Early next year North Kingstown residents will no longer have to fight their way through lines of traffic and highway pollution to reach East Coast metropolitan destinations, said local and state legislators on Friday afternoon as they celebrated National Train Day and showcased the progress of Rhode Island’s latest green transportation undertaking.
Wickford Junction will be a new commuter rail hub, offering residents rides to Providence for just $5.50 round trip as well as round-trip service to Boston at a cost of $18.
Last August the state Department of Transportation, in conjunction with the state Public Turnpike Authority began construction of a new commuter rail line that would connect southern Rhode Island to Warwick, Providence, Boston and beyond. To date the project stands to be ready for completion in less than a year. According to Michael Lewis, DOT director, 89 percent of the platform piers are in place, 15 percent of the 1,100-spave parking garage’s precast pieces are erected and 100 percent of the garage’s foundation is completed.
“We can’t build our way out of highway congestion,” said Lewis as he welcomed local politicians and reporters. “This country needs to recognize the need for alternative ways of transportation and build upon what it already has.”
To combat increasing highway congestion and offer Rhode Islanders a reliable, safe and inexpensive transportation alternative, said Gov.
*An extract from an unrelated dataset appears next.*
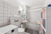 • Badezimmer weiß gefliest, weiße Keramik inkl. Badewanne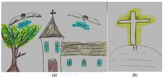 Representations of the church and the cross by final-year students of the vocational high school of Orthodox theology: (a) the church/P21/M; (b) the cross as a “symbol of salvation” (P26/M).

Lincoln Chaffee, the commuter train service that has connected Providence to Boston for more than 20 years will soon extend to North Kingstown.
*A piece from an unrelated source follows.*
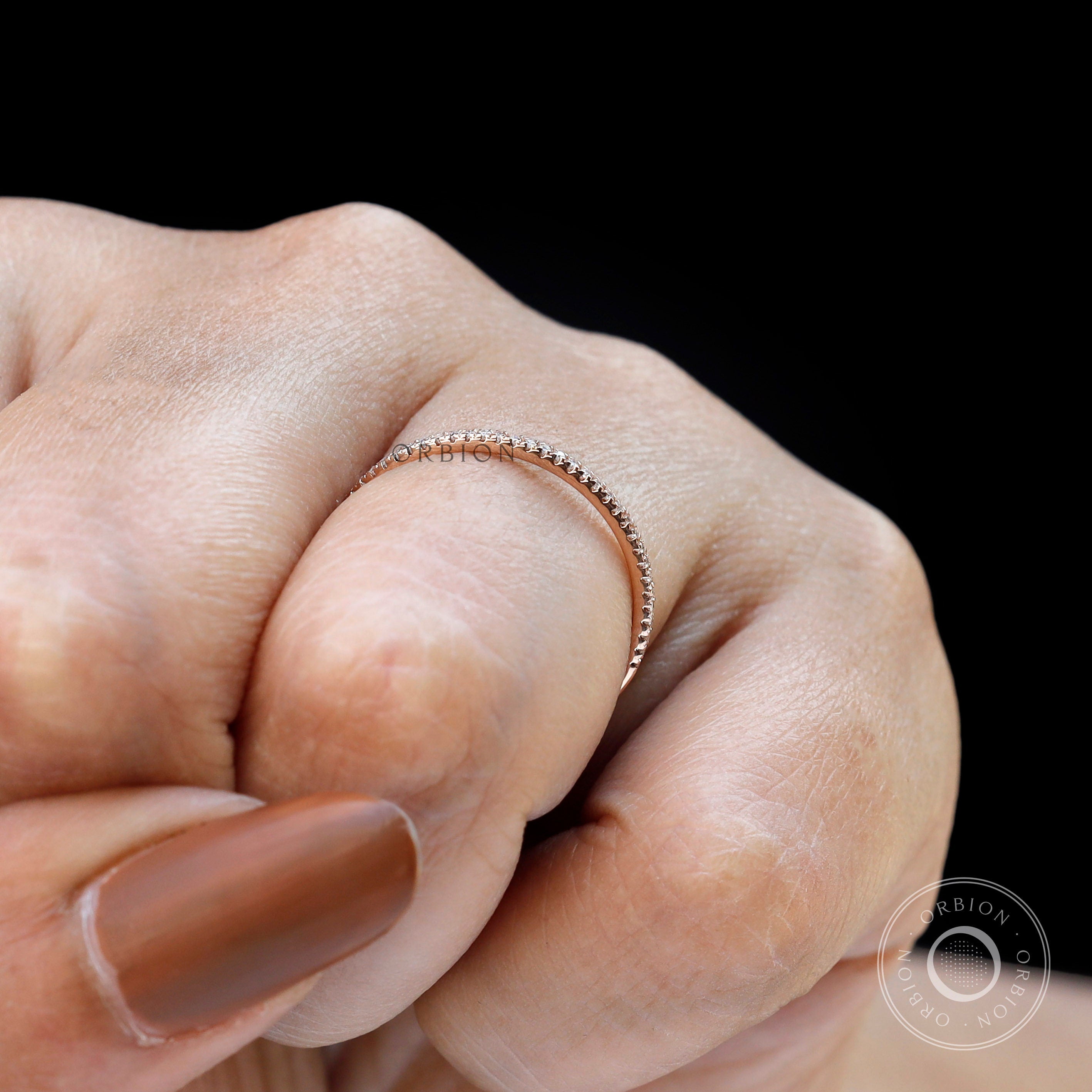 0.8 MM Micro Pave Half Eternity Wedding Band, 14K Rose Gold Moissanite Diamond Band, Classic Stacking Matching Band, Delicate Thin Gold Band

The $52 million project that finished phase one last December with the extension of the commuter rail service to T.F. Green International Airport wil open coastal Rhode Island for greater economic development as well as contribute to the state’s green public transportation initiatives, according to Chafee.
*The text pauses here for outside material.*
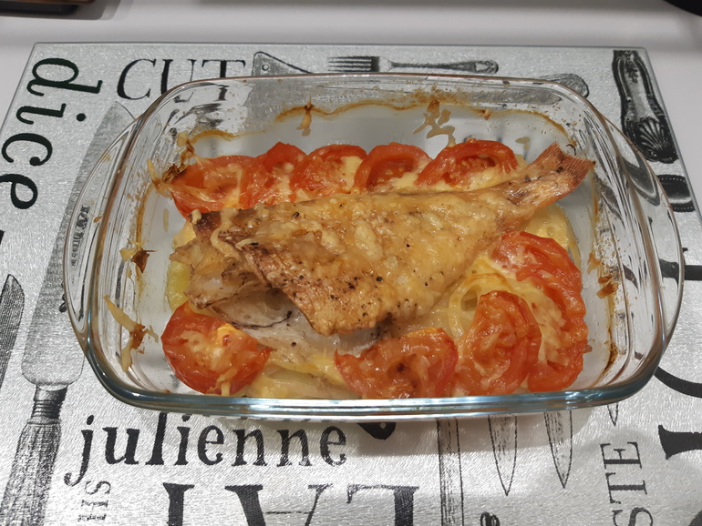 Дальше у меня пошли эксперименты с рыбой. В начале недели запекала скумбрию, как обычно, и прикупила Морского окуня. Ну что я могу сказать- вкуснота! А главное- не костлявая вообще! Делала пюре детям ( любимое блюдо)))), осталась картофелина, ее постругала в маленькую форму, нарезала кучу лука (люблю его), сверху рыбу ( за пару часов натерла ее перцем и солью - у меня лежало такие 3 камбалы и 2 окуня) помидорки вокруг и немного сыра. Прлучилось божественно😎

“When the Wickford Junction Train Station opens early next year, commuters will have a green traffic-free alternative,” said Chafee.
Initially, 10 arrivals and 10 departures will pass through the station on each weekday and a new public transit plan launched by RIPTA will link the multi-modal appeal of Warwick’s station to North Kingstown.
“From our perspective, because we have to serve, my promise in the state of Rhode Island is that wherever a person needs to get to, RIPTA will be there to help facilitate that point,” said Charles Odimgbe, chief executive officer to RIPTA.
Both Lewis and Odimgbe pledged that as with time and as ridership increased service would also increase and improve, with an ultimate goal of connecting the state through public means of inter-modal transportation – be that train, bus, car or plane.
“We are getting back to the future,” said Chafee.